Convention Story
by an Anonymous Comrade
This text was written as part of the LSC Pamphlet Program. It reflects only the opinions of the author(s) and not the consensus of the Libertarian Socialist Caucus.
I was a delegate to the 2019 DSA National Convention. A lot has been and will be said about the political implications of the decisions we made, about the actions on the floor by the various caucuses, factions and shadowy cabals, but I’m interested in a different story. I was also a delegate to the 2017 DSA National Convention, and I want to think through how different this one felt.
What struck me the most about this recent convention, the thing I was so unprepared for, was just how inconsiderate or even downright mean many of the delegates were. I heard and witnessed many, many examples of this. Friends who were handing out Build literature reported being aggressively questioned and heckled by people wearing Bread and Roses (B&R) buttons. My fellow delegate was tactically misgendered twice. My friends were aggressively prevented from speaking. Comrades who were clearly distressed and attempting to get clarification were met with jeers and hisses. There was very little charity and even less kindness for strangers on the convention floor or anywhere in the hotel that weekend.
The breakouts were strange. For some forsaken reason, there were cases of beer at a Medicare for All session. Caucus self-organized time involved more beer, loud cheering and clapping, and drunken revelers spilling out into the hotel hallways. People would look at the buttons you were wearing and become visibly scornful without even talking to you. People were just so fucking mean to each other all the time for no good reason.
In 2017, I remember a group of (mostly) young socialists convening in Chicago, excited to meet each other, excited to be at the biggest gathering of socialists in the US in decades. We exchanged Twitter handles. We walked in packs from breakout to debate, excitedly chattering about our work, about the better world we were going to build. I stood next to a comrade (now a member of Philly Momentum) on the floor on Sunday, voted the opposite of her on nearly every question, and then the two of us sang Bella Ciao together spontaneously on the convention floor. I remember trying to go to bed early and instead stumbling into a dorm party and drinking into the night with comrades from the Austin delegation, then so excited because they had just secured the support of the Southern Caucus for their chair, Danny Fetonte, for the NPC.

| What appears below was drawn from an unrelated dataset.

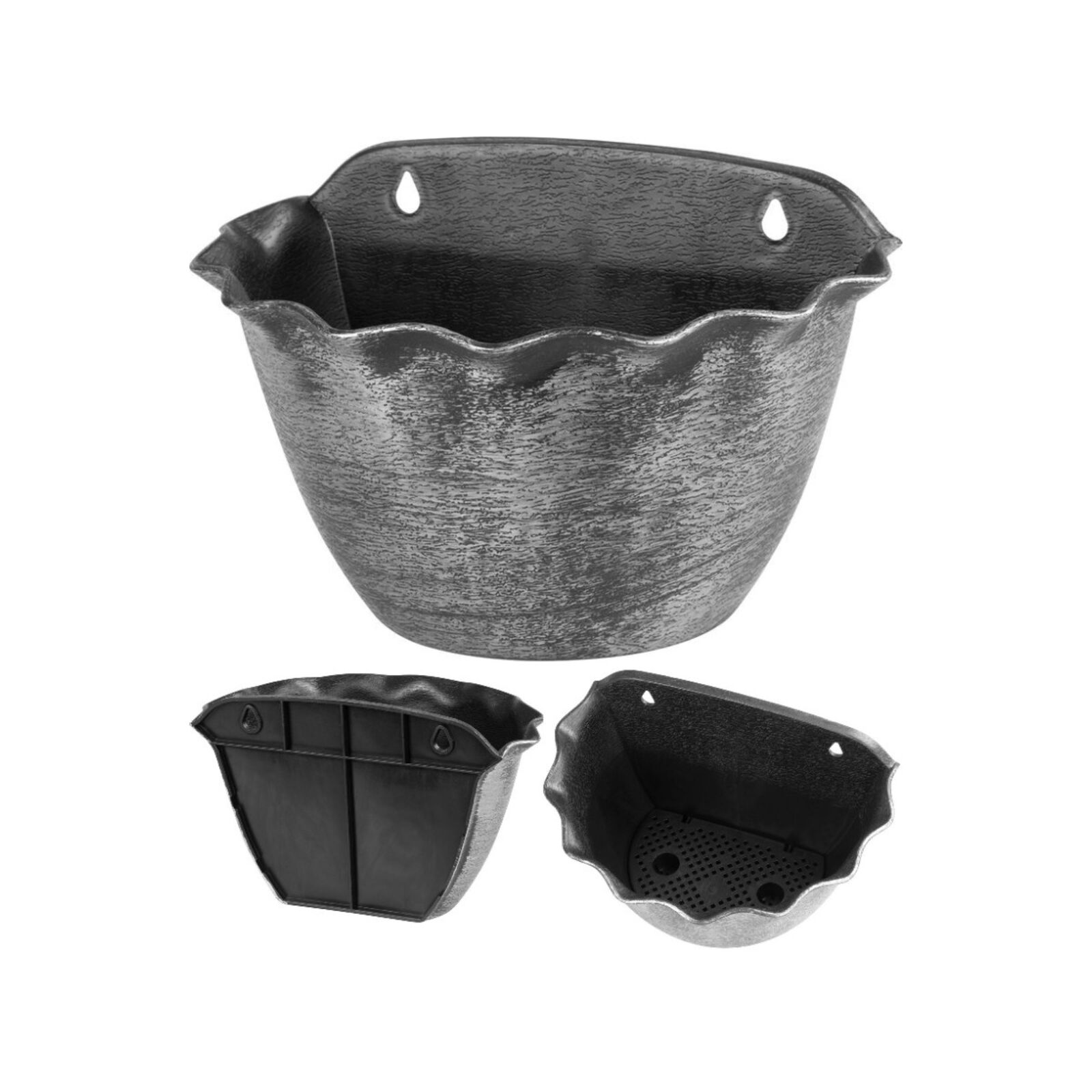 A fémhatású Wave ültetőtartó egész évben használható kül- és beltéren, erkélyen, teraszon vagy kertben. Kiváló minőségű, könnyen mosható anyagból készült, fagy- és időjárásálló. Méretek: 26x18 cm. Szín: ezüst.

After the 2017 convention, when we first heard the news that Fetonte, it turned out, was a cop union organizer and hadn’t revealed this to the convention, my first thought wasn’t about the politics of it. It wasn’t about what had to be done or who would oppose it. My first thought was to reach out and express support and solidarity to my new friends from Austin who must have been having an extremely difficult time. How many 2019 delegates would have reacted that way? Would I have reacted that way in a similar situation now, or would I have taken the opportunity to score some cheap points against some other faction? I don’t like the answer to that question. I wonder if this is what we mean when we talk about the organization having “matured” since then.
I came home from the convention directly to another crisis, this one in my DSA local. I panicked. I felt my heart race, my breathing quicken. I held my head and started to rock in my chair. Something snapped. I resigned from my local office and I sent an email to cancel my membership. I am done with political organizing for a while. DSA has brought out the worst in me, and I fear it’s done the same for so many of us. The 2017 convention had some tense moments, but there was a spirit of good faith and camaraderie, of dedication to a shared project. That was entirely gone in 2019. I hope some of you can bring it back. I wish you luck.